Unipotent elements vs. unipotent linear transformations

Question

Let $n\ge 2$ and $A\in GL(n,\mathbb R)$ be a matrix and define a linear transformation on $M(n,\mathbb R)$ as follows:

$$f_A: M(n,\mathbb R) \to M(n,\mathbb R), B \to ABA^{-1}. $$

Suppose $f_A$ is a unipotent linear transformation on $M(n,\mathbb R) \cong \mathbb R^{n^2}$, namely the only eigenvalue of $f_A$ is $1$. Do we necessarily have that the matrix $A$'s eigenvalues are the same? (scalar multiple of a unipotent)

Conversely, if $A$ is a unipotent matrix, do we necessarily have that $f_A$ is a unipotent linear transformation?

Update: Many thanks to the comments below about the issue of unipotency, corrected a little.

Answer 1

I've started to write an answer to this twice now, so I'm going to make sure I finish this time.

The action of $A\in \mathrm{GL}_n(k)$ on $M_n(k)$ is given by a Kronecker product. The precise product is the Kronecker product of $A$ with its dual $A^*$, which can be thought of as $(A^{-1})^t$, where $t$ denotes the transpose. We will see that the precise form of the Kronecker product isn't so important.

The eigenvalues of the Kronecker product are simply all products of the eigenvalues of the matrices. If the eigenvalues of the product are all $1$, then the eigenvalues of each factor are all the same.
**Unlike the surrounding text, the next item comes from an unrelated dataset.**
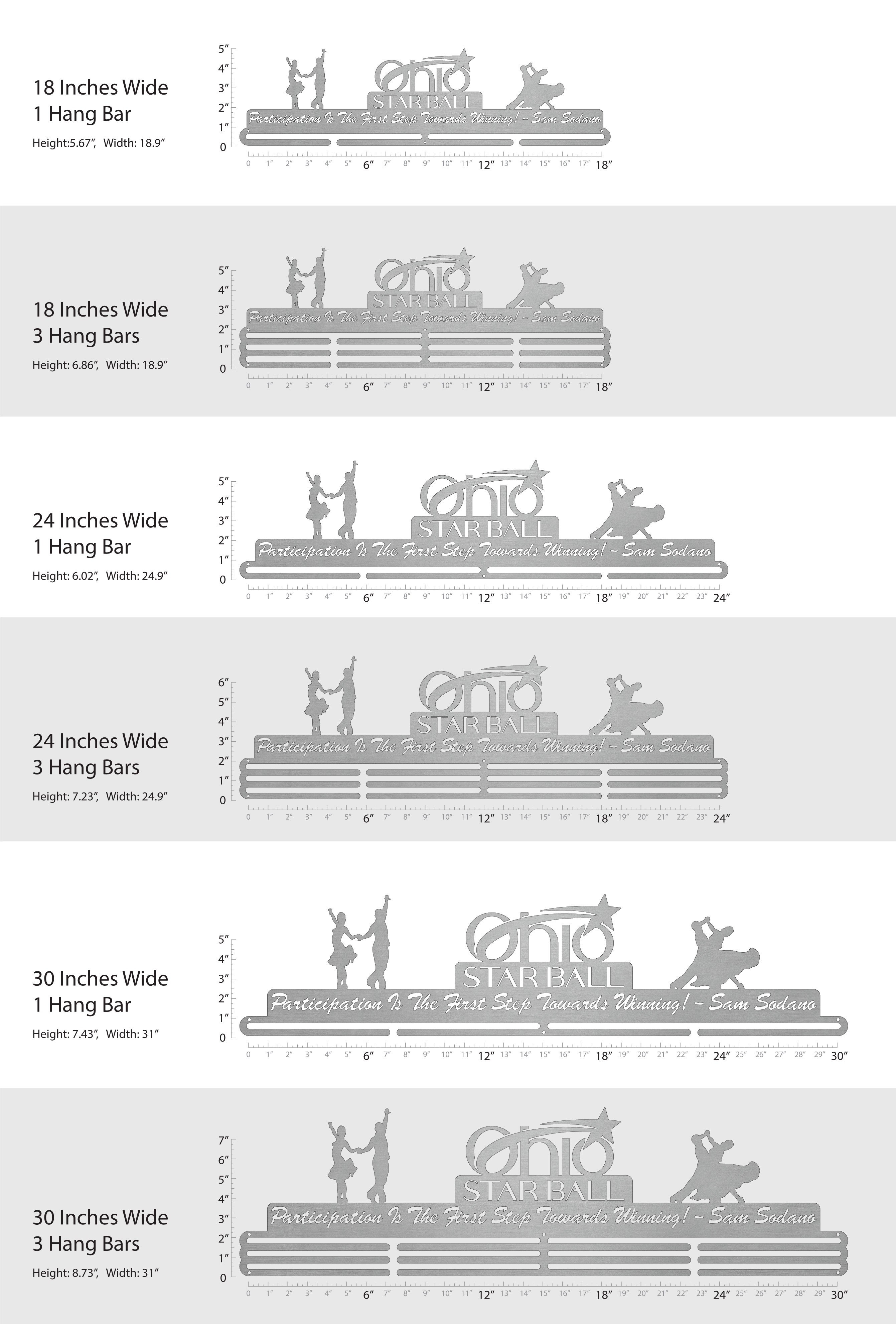Unsure what size to get? We have created two consistently scaled images to show you what different sized displays look like when filled with medals.

You see that you don't need to know exactly what the other factor was, just that $A$ was a factor, to determine the one direction of your question.

Conversely, if $A$ is unipotent, then so is $A^*$, and so their Kronecker product is as well. Notice that even if we replace $A$ by its product with some scalar, the Kronecker product is the same, as it should be.

(There is a more conceptual answer involving Lie theory, but I guess you didn't want that since you didn't couch the question in those terms.)